DIRECTIONS FOR THIS TASK: With the pictures omitted, output word for word the lines from the one containing "不久前,詹姆斯曾与约基奇的经" through the end of the records.

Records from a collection
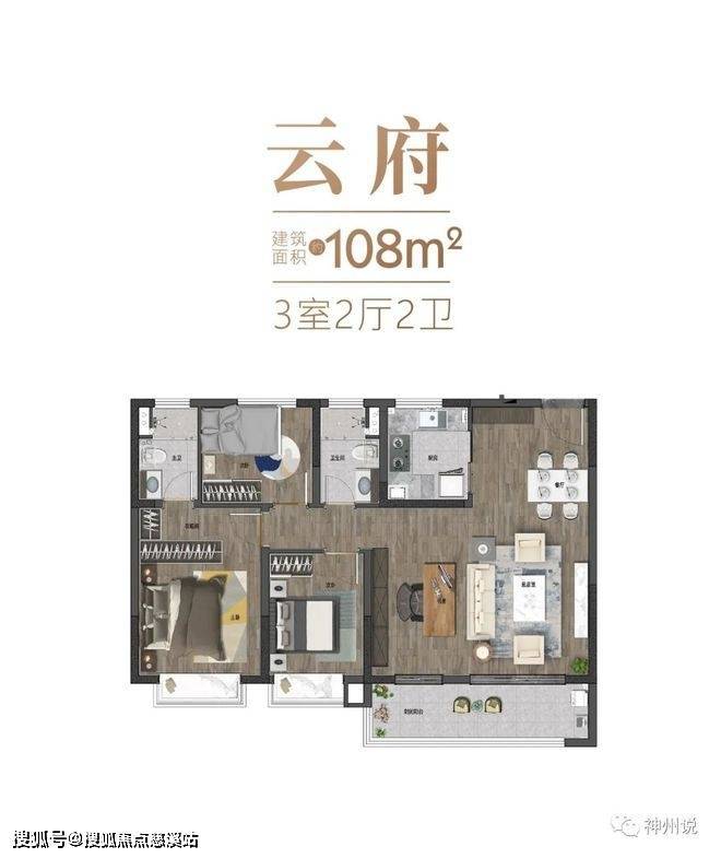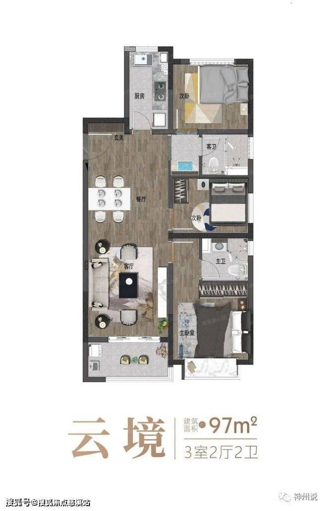 户型为三室二厅一厨二卫设计,主卧套房设计,带衣帽间和独卫,动静分离,会客休息两不误,户型方正,面积利用率高。
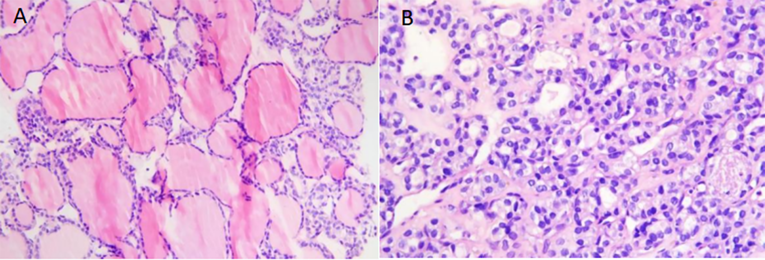 (A) Microscopically, thyroid follicles of different sizes were observed, and the cells were well differentiated. No ground-hyaline nuclei, nuclear furrows, sand bodies, or papilla were observed. The appearance of follicular tumor was consistent with bone metastasis of thyroid follicular carcinoma. (original magnification, × 400; hematoxylin-eosin [H-E] stain). (B) The tumor cells were dense and crowded, similar to fetal thyroid tissue, with a small number of follicles, nuclear atypia, and rare pathological mitosis.(original magnification, × 600; hematoxylin-eosin [H-E] stain).
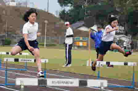 月野小学校の5年生・6年生の代表が力の限り走ったり跳んだり投げたりしてがんばりました。
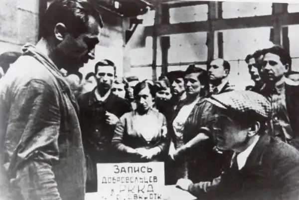 Запись добровольцев в Красную Армию на заводе имени Сталина в Ленинграде.
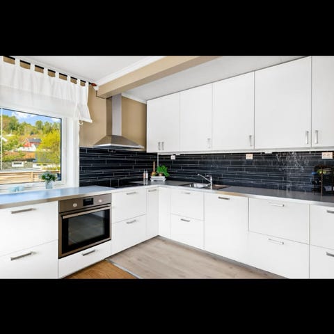 Benkeplaten er tilpasset kjøkkeninnredning med integrert platetopp og har utsparing midt på platen. Den egner seg som benkeplate på kjøkken, eventuelt på kjøkkenøy eller langs vegg, avhengig av målene som oppgis i annonsen. Hvite underskap og skuffer som vises på bildene kan være del av løsningen dersom dette er inkludert i salget, og bør eventuelt spesifiseres med egne mål og detaljer. 60cm X 359cm X 4 cm. Kjøkkenøy benkeplate 90 cmx205 cmx4 cm
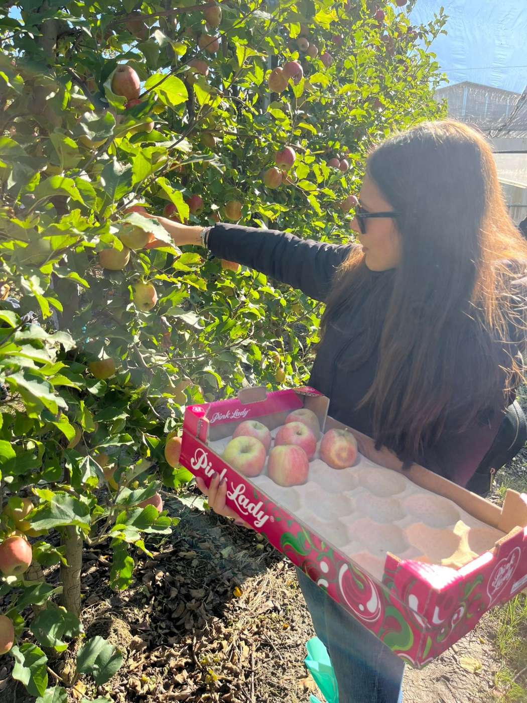 Per l’Italia i frutteti coinvolti nell’operazione sono due: quello di Alexander Holler, produttore del Consorzio Vog, in Alto Adige e il frutteto della società Agricola Mazzoni in Emilia-Romagna, due dei principali bacini di produzione della mela Pink Lady nel nostro paese. Noi siamo stati nei campi di Voghiera, del Gruppo Mazzoni e ne abbiamo parlato con Matteo Mazzoni, direttore commerciale del Gruppo e con Thierry Mellenotte, direttore generale di Pink Lady.
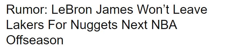 不久前,詹姆斯曾与约基奇的经纪人Raznatovic会面,引发了人们的猜测——明年休赛期詹姆斯成为自由球员后,可能会加盟掘金队。知名詹蜜媒体人Nick Wright表示:“我可以明确地说,那条社媒暗示詹姆斯明年将加盟掘金队的说法,是100%错误的。一年后詹姆斯加盟掘金队的可能性为零。这不是我的个人观点,我很确定这一点。”
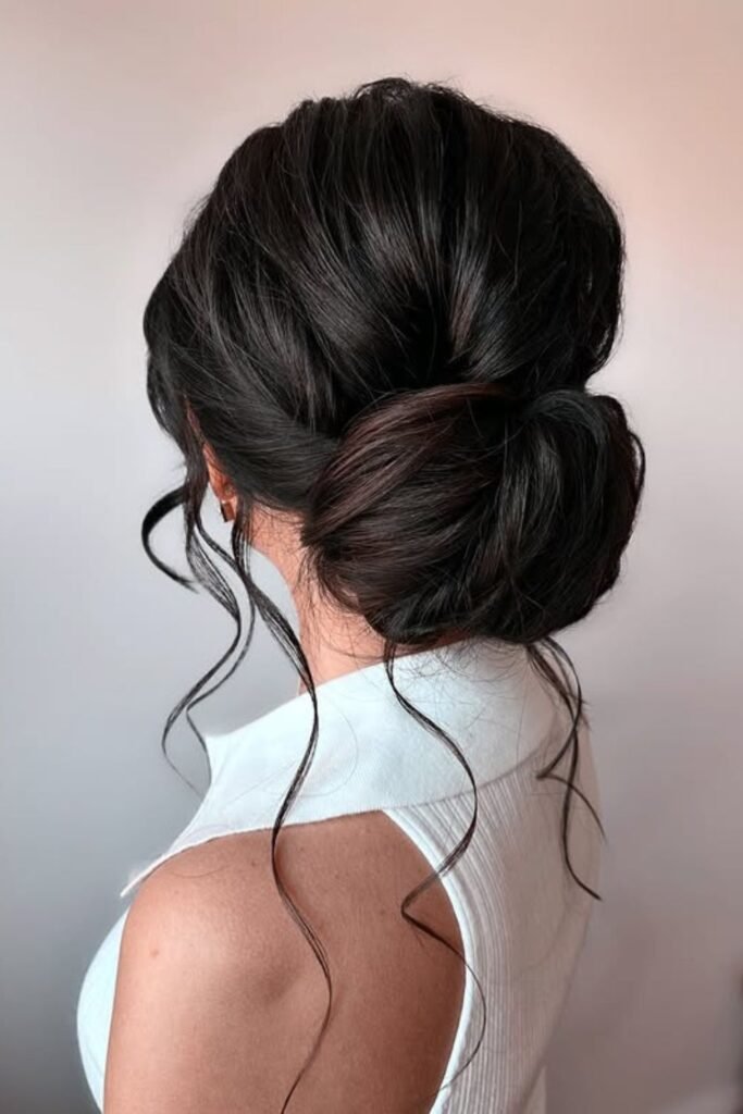 Face-framing curls set the mood here, especially if you’re aiming for a bun that looks relaxed but still intentional.
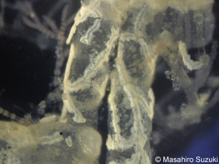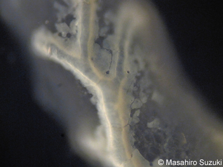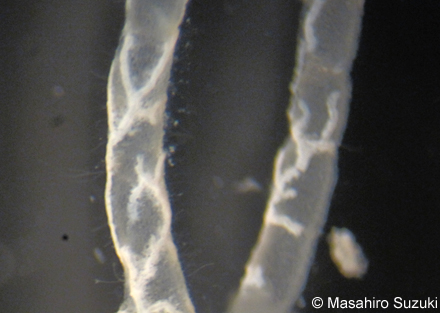 | 石灰の沈着をもっときれいな写真で表現したいと思い,師の顕微鏡を借りて暗視野照明で観察を行いました。上の2枚の写真が暗視野で撮影したものですが,顕微鏡をのぞいた途端,椅子から滑り落ちそうになりました。写真を見ると,石灰の中に空洞があるのが分かると思います。まるで「管」のように。そう、これは動物の棲管だったのです。おそらくはウズマキゴカイやカンザシゴカイのような多毛類の仲間だと思いますが,ワツナギソウの枝の上で動物が石灰を分泌したもので,石灰化でも何でもなく単なる着生動物だったのです。考えてみれば自然の状態で石灰が網状に沈着するなどあり得ない事でした。なぜ最初から動物を疑わなかったのか…,がっくり来てしまいました。
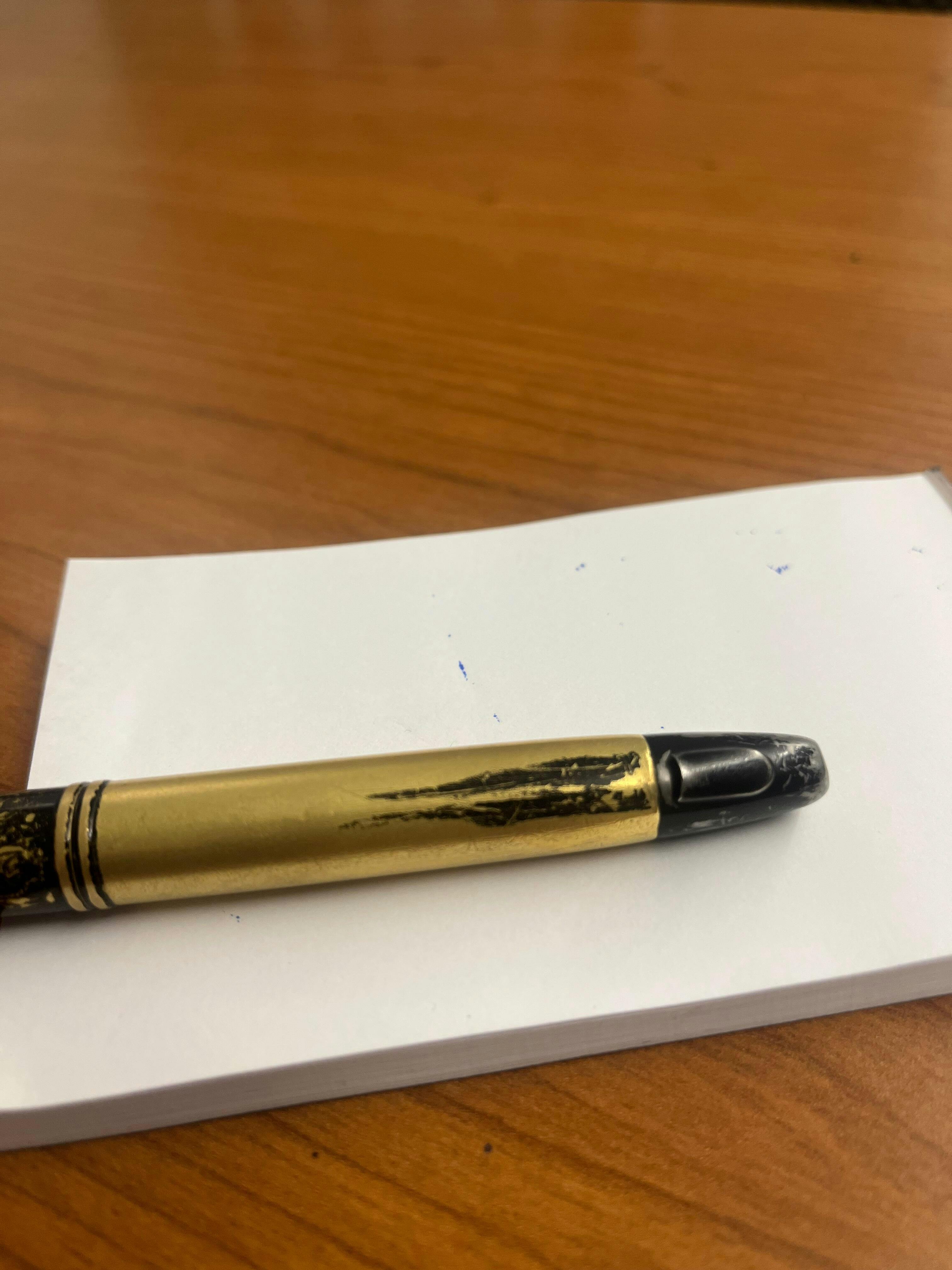 Measured from the place most people choose to rest their fingers, which varies with each pen.

TASK OUTPUT:
 不久前,詹姆斯曾与约基奇的经纪人Raznatovic会面,引发了人们的猜测——明年休赛期詹姆斯成为自由球员后,可能会加盟掘金队。知名詹蜜媒体人Nick Wright表示:“我可以明确地说,那条社媒暗示詹姆斯明年将加盟掘金队的说法,是100%错误的。一年后詹姆斯加盟掘金队的可能性为零。这不是我的个人观点,我很确定这一点。”
 Face-framing curls set the mood here, especially if you’re aiming for a bun that looks relaxed but still intentional.
 | 石灰の沈着をもっときれいな写真で表現したいと思い,師の顕微鏡を借りて暗視野照明で観察を行いました。上の2枚の写真が暗視野で撮影したものですが,顕微鏡をのぞいた途端,椅子から滑り落ちそうになりました。写真を見ると,石灰の中に空洞があるのが分かると思います。まるで「管」のように。そう、これは動物の棲管だったのです。おそらくはウズマキゴカイやカンザシゴカイのような多毛類の仲間だと思いますが,ワツナギソウの枝の上で動物が石灰を分泌したもので,石灰化でも何でもなく単なる着生動物だったのです。考えてみれば自然の状態で石灰が網状に沈着するなどあり得ない事でした。なぜ最初から動物を疑わなかったのか…,がっくり来てしまいました。
 Measured from the place most people choose to rest their fingers, which varies with each pen.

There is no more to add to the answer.